Among Carter's regular collaborators for this series was the great bassist Fred Hopkins (formerly of Air, see the 1976 entry), Carter's longtime friend, the cornet player Bobby Bradford, the drummer Andrew Cyrille and former Mothers of Invention keyboardist Don Preston.
"Moon Waltz" is the end of the Dance of the Love Ghosts suite--described by Carter as follows:
So great was the despair of the passengers sailing from the castles [of Ghana, into slavery], it must have seemed on bright, star-filled nights that the moon danced in concert with their pulsating pain. The birth of the blues...
or as the Mekons would sing a few years later, in a verse about a slave ship crossing the Atlantic,
Down in the hull there is no sound
We're taking rock & roll to America...
Recorded in November 1986 in New York City; on Dance of the Love Ghosts.

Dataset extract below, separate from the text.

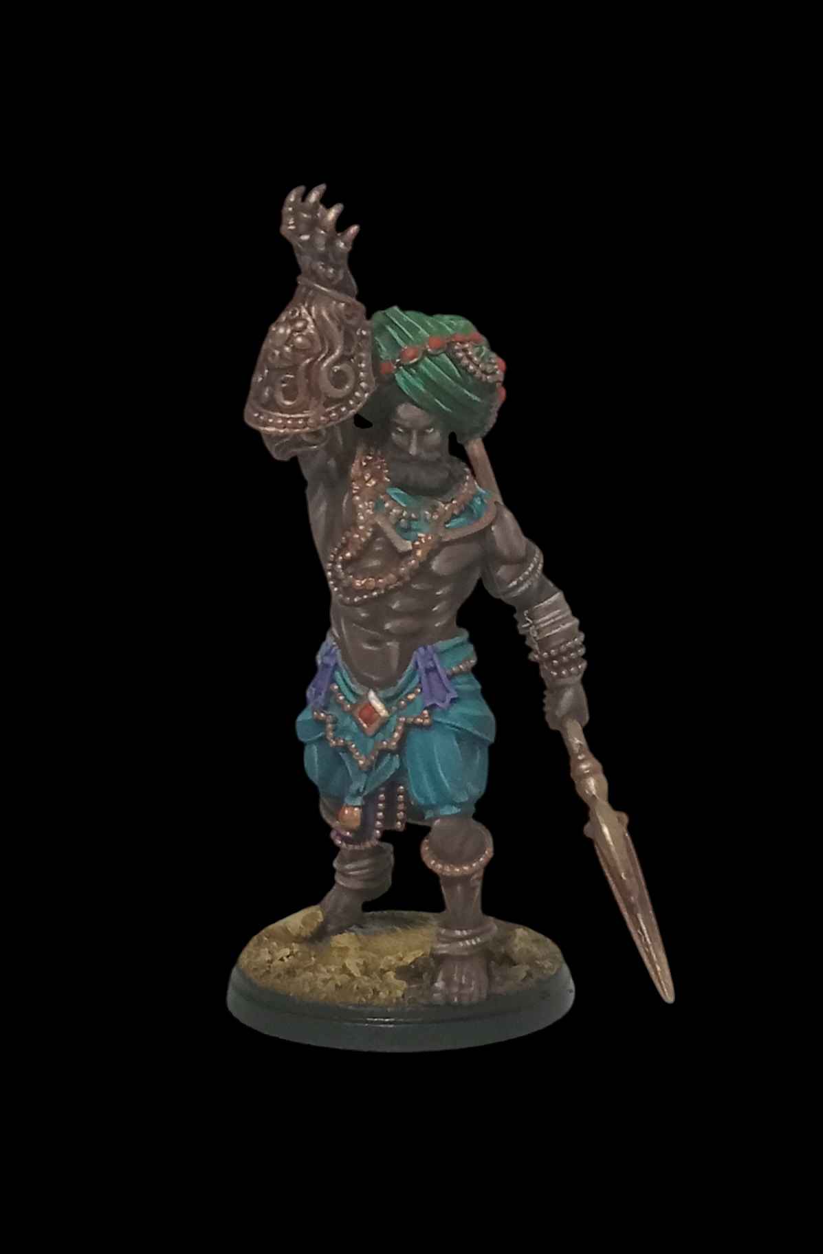 Some people like their wizards to be weedy, pale nerds who negotiate with the elements. I like my wizards to be buff, so jacked that even Gods, spirits and djinn bow to them in deference: Djacked, even. This sculpt is great, Yindak is here to make gains and gank monsters (and he’s all outta gains). The posing is quite dramatic, Yinbdak throwing an arm in the air as he summons or perhaps commands his elemental forces, the way his jewellery is sculpted helps communicate the motion of his gesture. The detail is, as ever with PB resin, gorgeous with lots of easily dry-brushed or washed sections. Despite the apparent detail and complexity of the model he’s very easy to paint. Not including assembly or zenithal undercoat, painting him took 2-3 hours and he looks pretty rad if you ask me (zenithal, contrast, highlight is the only way you’ll convince me to paint a rank-n-flank army these days). The musculature is a joy to work with, there’s enough definition in there that it’s easy to make Yindak look positively Süleymanoğlu-esque (google that one).

Prince, at his peak in the '80s, was an unearthly combination of Miles Davis, James Brown and Jimi Hendrix, a talent so singular, whose feats seemed effortless, that his presence in pop music still seems a bit bewildering. Too willfully strange to remain on center stage for long, Prince had followed up his multi-platinum album and hit film Purple Rain with a swerve into religious psychedelia and in '86 made his second film, an odd venture called Under the Cherry Moon.
Yet the soundtrack to Cherry Moon was something else--a fantastic exercise in minimalist funk, a reworking of Sly Stone's Fresh set in some imagined Montmartre. The album's big hit, "Kiss," was built solely around Prince's vocal, a bare beat, a hint of synthesizer and some guitar breaks; "Girls and Boys" offers a slightly fuller palette--beats (from both the Linn drum machine and the Revolution's drummer Bobby Z.), the occasional honking line from a saxophone, chirps and quacks from synthesizers, a few guitar licks--and blossoms as it proceeds, with Prince delivering a loopily seductive vocal that becomes, at the track heats up, his first recorded rap.
On Parade.
Koons, Rabbit.
In the '80s, in America, there seemed to be a general cultural yearning to return to, or, even better, somehow restore the poorly-remembered past, whether it was Michael J. Fox going back to the 1950s to mold his parents into more responsible people, or the various Stallone/Norris movies in which lone soldiers returned to 'Nam to settle scores.
The Judds, Naomi and Wynonna, updated the country music brother act for the '80s, offering in its place one of the first-ever mother/daughter teams. Naomi, born Diana Ellen Judd in Ashland, Kentucky, in 1946, married a marketing executive, moved to Los Angeles, and had two daughters. When the marriage fell apart in the early '70s, the Judds changed their names (except for Ashley, of course); Naomi became a registered nurse and supported the family while working on establishing her and Wynonna as a professional singing act. After sending out demo tapes for years, they at last got an audience with RCA execs, who signed them; the Judds began an astonishing run of 14 #1 country hits in less than a decade.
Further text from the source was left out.